After the experiments, the function between hyper parameters and average testing MAPE is modeled using MR and NN for comparison. The performance of models, optimization results, and verifications are compared as follows. The data are normalized before modeling.

At first, modeling using stepwise MR is obtained as

$$\begin{array}{l}\mathrm{MAPE}=35.818395-1.215402F_C-0.428033F_P+0.758975N_{C1}+0.991905N_{C2}\\ \hspace{1em}\hspace{1em}\hspace{1em}\hspace{1em}\hspace{1em} +0.140401N_{F1}-0.224964N_{F2}+0.001241F_C{N}_{F2}+0.053019F_C{N}_{C2}\\ \hspace{1em}\hspace{1em}\hspace{1em}\hspace{1em}\hspace{1em} -0.046696F_P{N}_{C2}+0.01539F_P{N}_{F2}-0.070553N_{C1}{N}_{C2}-0.000967N_{C1}{N}_{F2}\\ \hspace{1em}\hspace{1em}\hspace{1em}\hspace{1em}\hspace{1em} -0.010024N_{C2}{N}_{F1}-0.00065N_{F1}\end{array}$$ (8)
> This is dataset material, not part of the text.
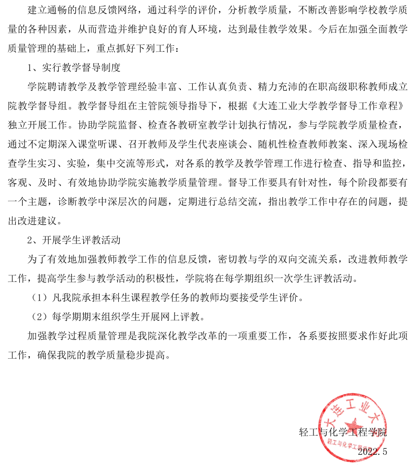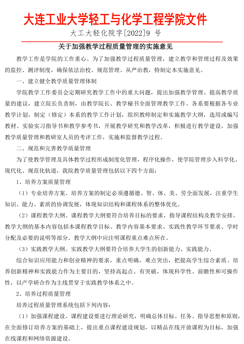 英国365公司官网关于加强教学过程质量管理的实施意见(大工大轻化院字[2022]9号)

The corresponding R-squared ($R^2$) of MR model is 0.9061 and the normalized root mean squared error (NRMSE) of MR is 0.0634. The objective function (fitness) is selected as the MAPE of each structure. The optimization target is to minimize the fitness. The hyper parameters combination optimized using the full-factorial searching algorithm are: $F_C=25$, $F_P=20$, $N_{C1}=20$, $N_{C2}=20$, $N_{F1}=100$, $N_{F2}=10$. The testing MAPE prediction of the MR model for the combination is 5.788%. The structure with the optimized hyper parameters combination has been trained three times. The testing MAPEs are shown in Table 4. The average MAPE is quite different to the prediction, with an error of 147.06%. The combination does not perform better compared to the experiments.

Table 4.

Testing MAPEs of the optimized hyper parameters combination using MR model.
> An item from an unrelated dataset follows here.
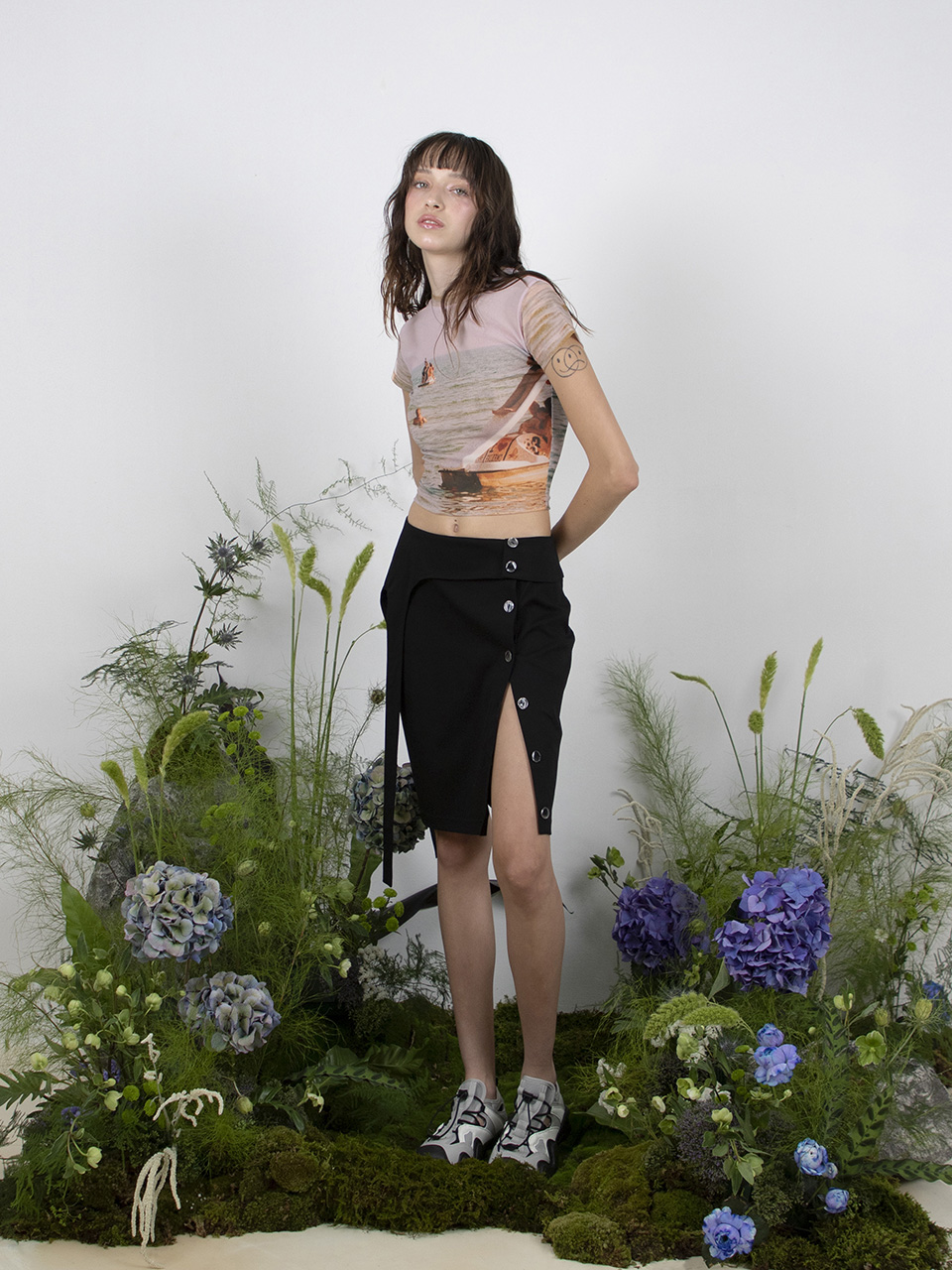 - 밑단 버튼 오픈 클로징으로 슬릿 연출 가능

Test MAPE 1	Test MAPE 2	Test MAPE 3	Avg. MAPE	Standard Deviation
15.74%	13.97%	13.19%	14.3%	1.090%

Then, an NN is applied to model the relation between factors and testing MAPE. The structure of NN is shown in Table 5. The initial learning rate is 0.005, and the optimizer is Adam. The R-squared ($R^2$) of NN is 0.9999999996 and the normalized root mean squared error (NRMSE) of the NN is $3.347\times {10}^{-5}$. The hyper parameters combination optimized using the full-factorial searching algorithm are: $F_C=25$, $F_P=11$, $N_{C1}=18$, $N_{C2}=12$, $N_{F1}=100$, $N_{F2}=50$. The testing MAPE prediction of the NN model for the combination is 10.849%. The combination has also been trained three times. The testing MAPEs are shown in Table 6. The error between the average MAPE and prediction of the NN model is much smaller, with an error of 7.337%. The optimized structure improves the performance by 11.3%. The results show that modeling using NN can also create a better and more stable hyper parameters combination than the best hyper parameters set in the experiments. However, the structure, learning rate, and normalization affect the performance of modeling and optimized result a lot. A simple NN with a smaller learning rate is recommended in this case. Normalization is also necessary.

Table 5.

Structure of NN for modeling the function between factors and testing MAPE.

Layer	Nodes	Activation Function	Bias
Input	6	None	None
Hidden 1	12	Sigmoid	None
Output	1	None	Yes
Total parameters	85

Table 6.

Testing MAPEs of the optimized hyper parameters combination using NN model.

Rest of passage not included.